Friday, 19 August 2016

Food safety needs a credible inspection regime

Food safety matters. We need to cut through the jargon in corporate strategies and stand up for properly resourced and independent inspection of the food we eat.


Food Standards Scotland (FSS) has published its corporate strategy for the period up to April 2019. The document claims that "to put the consumer at the heart of what we do, we need to understand what matters to consumers in relation to food. Consumers have told us that trust is essential for FSS, so we need to earn and keep that trust."



They helpfully, if alarmingly, remind us that food safety is a significant health issue in Scotland. They estimate that there are approximately 43,000 cases of foodborne infectious intestinal disease (IID) annually, leading to 5,800 GP visits and 500 hospital admissions. Just one example is Campylobacter, with between 55‐75% of all reported cases of Campylobacter infection in Scotland associated with a chicken source. A significant proportion of fresh chicken on retail sale in the UK is contaminated with the pathogen.


The FSS is directly responsible for official meat controls and provides guidance to local authorities who are supposed to deliver other inspections. The strategy seeks to reassure us that "protecting public health remains our key objective."


So far so good. However, later in the paper we are told that, "We will review these programmes so that they are proportionate and do not place undue burdens either on the industries we regulate or on taxpayers."


Based on past experience this sounds like code for further deregulation of meat inspection. Until recently the FSS was part of the U.K. Food Standards Agency. They have just published a document: “Regulating Our future”, in which they announce an intention to introduce a free ride for businesses who’ve passed an assessment visit sometime in the last few years or allow approved companies to provide assurance of food hygiene standards alongside local authorities. In short, the FSA are going to reduce meat and other food inspection and hand over responsibility to industry. 
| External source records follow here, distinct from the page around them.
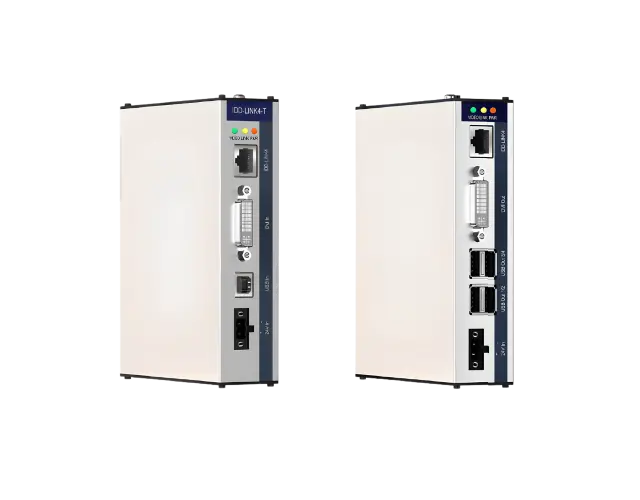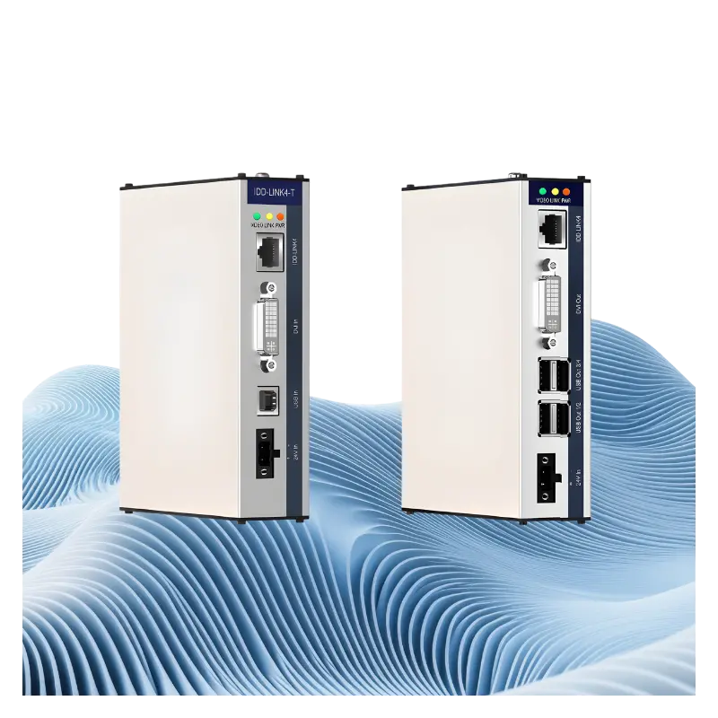 IDD-LINK4 è un sistema trasmettitore/ricevitore che consente di collegare le periferiche dell'operatore come panel PC, monitor, tastiera, mouse, audio/USB fino a 100m di distanza per un utilizzo in remoto.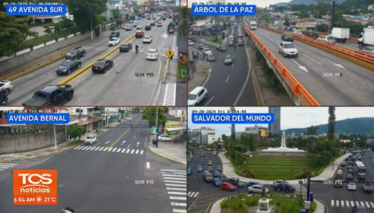 A la 1:43 Así es la carga de tráfico desde El Salvador del Mundo, Los Próceres, Avenida Jerusalén y 49 Avenida Norte: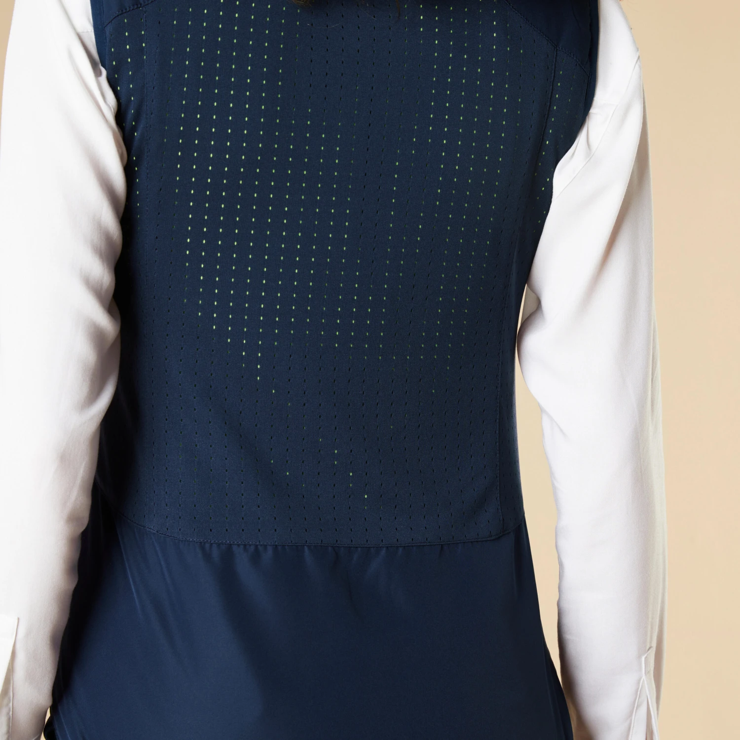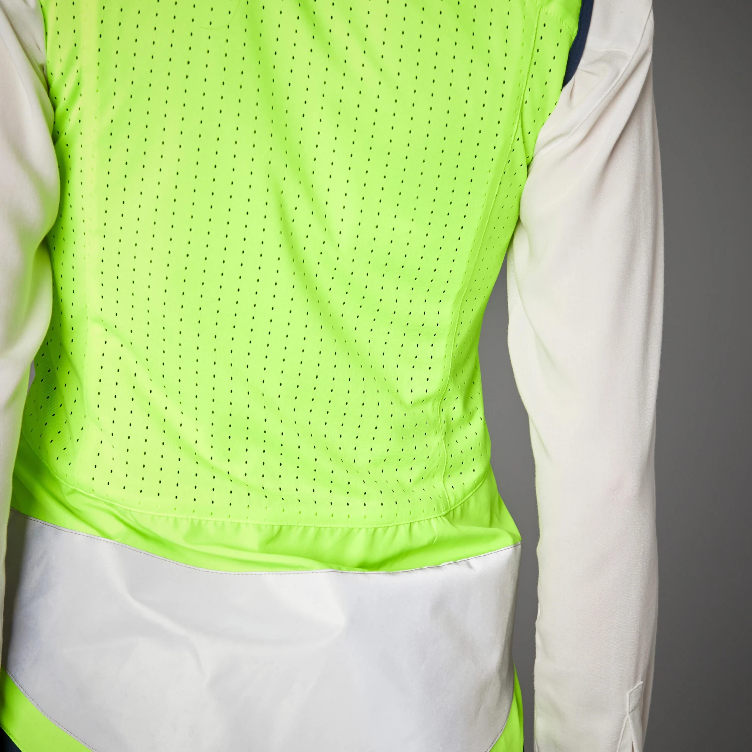 This gilet is designed for the position you are in when cycling. Its fitted shape covers the lower back and the neck (thanks to a magnetic collar) while cycling, providing excellent protection.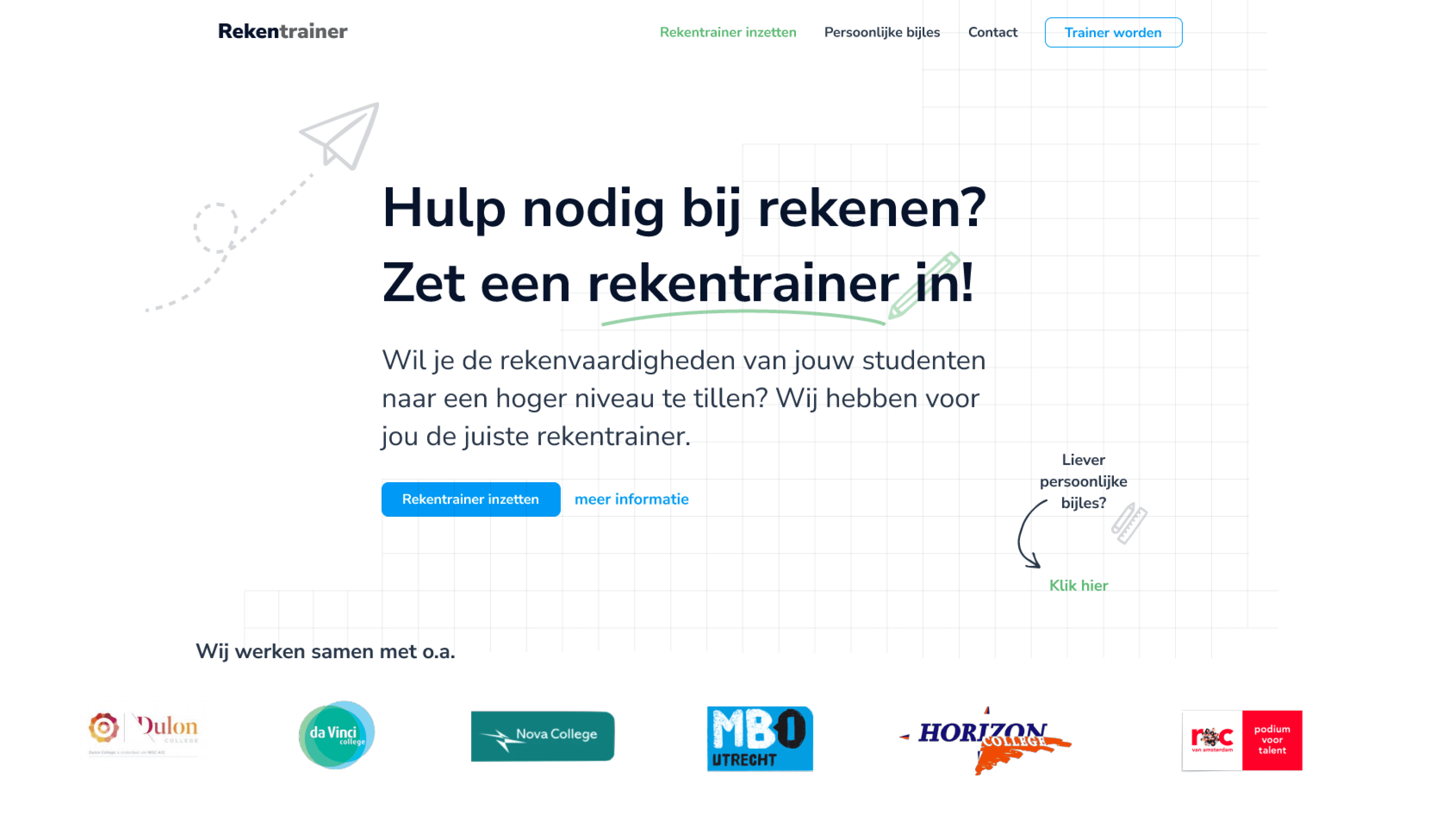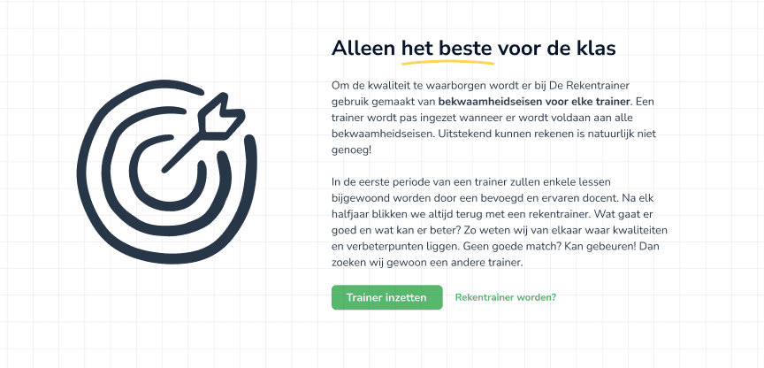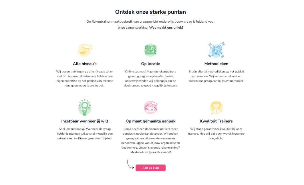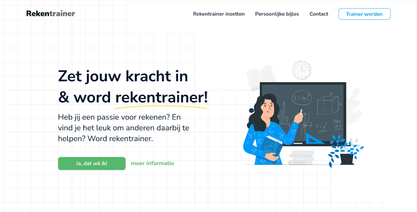 Een professionele, speelse website die de drie verschillende doelgroepen bedient: organisaties die op zoek zijn naar een rekentrainer, mensen die rekentrainer willen worden, en studenten die bijles nodig hebben. Voor alle drie de doelgroepen is het eenvoudig om contact op te nemen.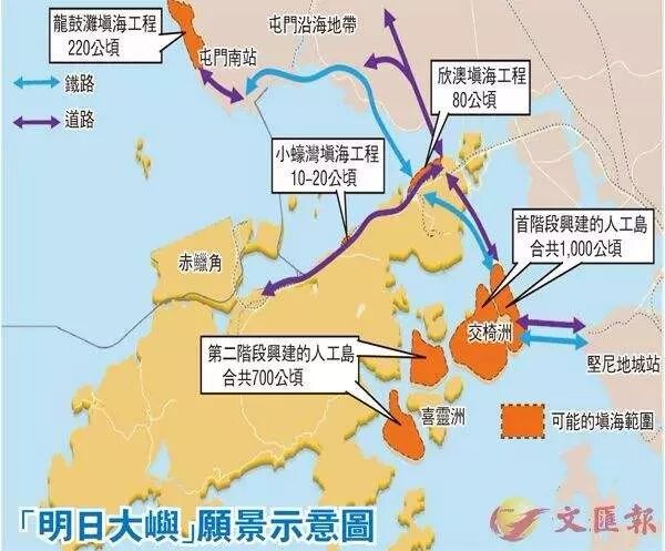 我们可以算一笔账。如果收回土地超过700公顷,70%用来修建住宅(其余为配套设施),按照大约4倍容积率计算,每套住房建筑面积70平方米,则可以修建28万套住宅。假设这些住宅能分7到8年推出,则每年可以增加3万多套住宅供应。但说实话,按照香港的法律制度,收回闲置土地会产生很多争执。特区政府必须以很大的决心,才能推动。此外,香港此前还公布有“明日大屿”填海计划——将在大屿山东侧水域及屯门龙鼓滩填海,建造人工岛屿,可获得新土地面积约 1700 公顷。大约可以建设26到40 万个住宅单位,可容纳 70-110万人口居住。(见下图)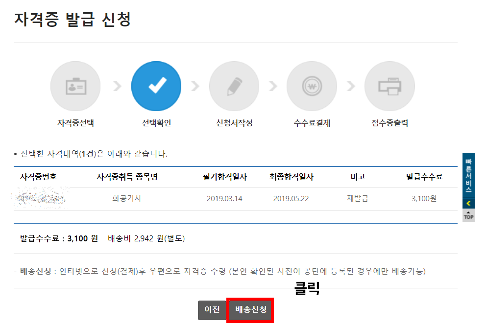 그러면 어느 자격증을 신청할건지 선택하시면 됩니다.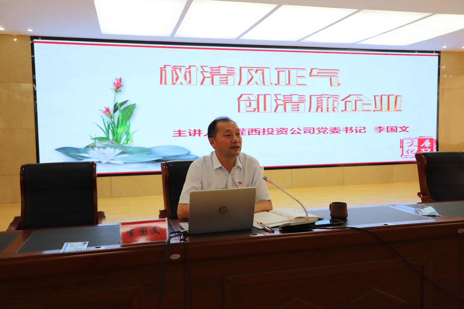 會議最后,李國文以“樹清風正氣 創清廉企業”為主題,結合公司工作實際,為大家上了一堂生動的廉政黨課。以正反面典型故事案例,教育警醒黨員干部自覺帶頭對照這“兩面鏡子”,要求全體黨員要以案為鑒,打牢思想根基,杜絕私欲膨脹,保持警鐘長鳴;要堅守“四心”,不忘初心,珍惜自身前程;守住清心,不攀比;修好內心,自覺加強黨性鍛煉和黨性修養;常懷律己之心,常修為官之德。警告大家,不觸底線、不越紅線。守住政治底線、夯實合規底線、筑牢廉政防線助推企業高質量發展的重要性。(西宣)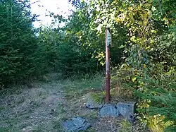 Vysoká hora has a secondary summit.[3] About 1.2 km east of the main summit lies the secondary peak, known as Vysoká hora–V, with an elevation of 817 meters above sea level and geographic coordinates 50°05′50.9″N 17°22′06.5″E / 50.097472°N 17.368472°E. It is separated from the main summit by a low pass at 816 meters above sea level.[7] The secondary summit is situated in dense mixed forest.[8] Due to the forest cover, it is not a viewpoint and does not feature a triangulation station.[7]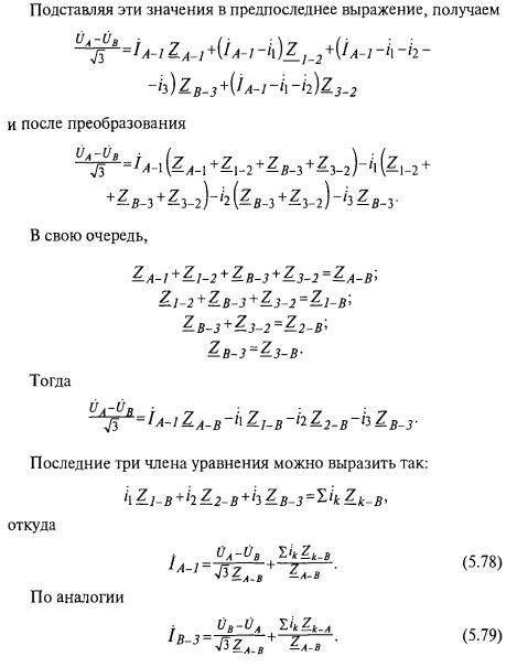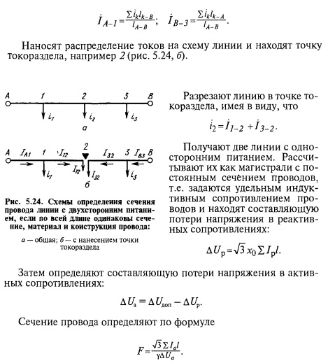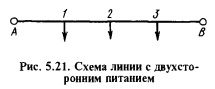 Линии с двухсторонним питанием. Пусть есть линия (рис. 5.23) с двумя источниками питания А и В и нагрузками. Обозначим токи, протекающие по участкам, сопротивления и длины участков соответствующими индексами.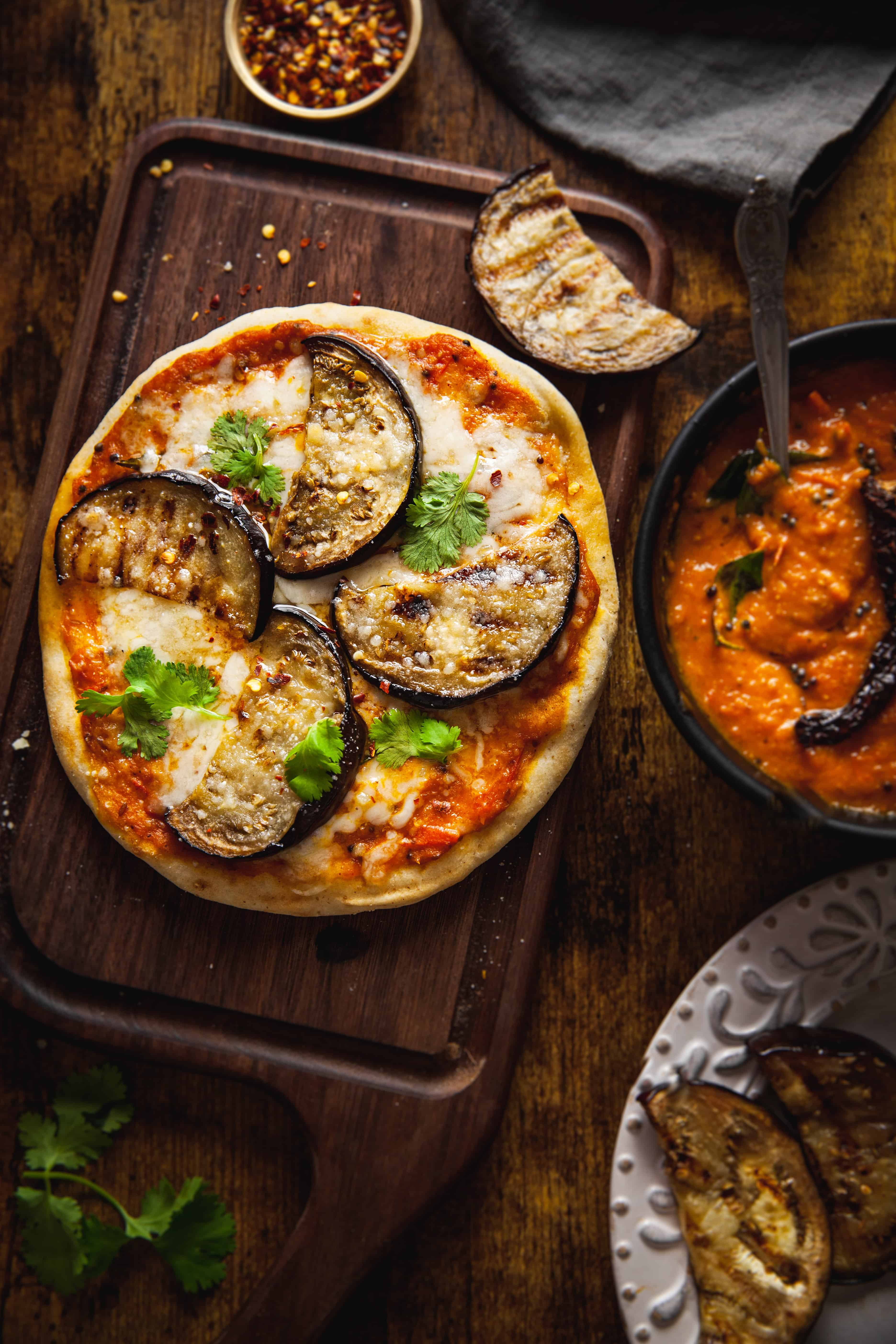 - Assemble the pizza- Place the pizza base on a pizza stone or place on a cookie sheet lined with a rack. Spread the 1-2 tablespoon tomato chutney on top of the pizza bases, add shredded mozarella cheese. Layer eggplant slices. Sprinkle parmesan cheese. You can add a drizzle of oil at this stage as well.

In fact, FSS are already going down this road with white meat by replacing independent FSS poultry meat inspectors with plant employed poultry inspection assistants. When inspection probably costs little more than a penny a bird, this is short-sighted in the extreme.


The FSA have used 'proportionate' and 'undue burdens' in the past as justification for deregulation and we must be suspicious that the FSS review is heading in the same direction. The meat industry is a powerful lobby and their need to maximise profit has often triumphed over consumer protection.


We should be equally concerned over the capacity of local authorities to meet their obligations in relation to food safety. Environmental health departments have been the subject of significant cuts in recent years and many are struggling to undertake regular inspections of food premises. The review could also impact on their roles.


As always with corporate strategies you need to look beyond the fine words and look at the actions. The review of regulatory programmes is one to watch carefully.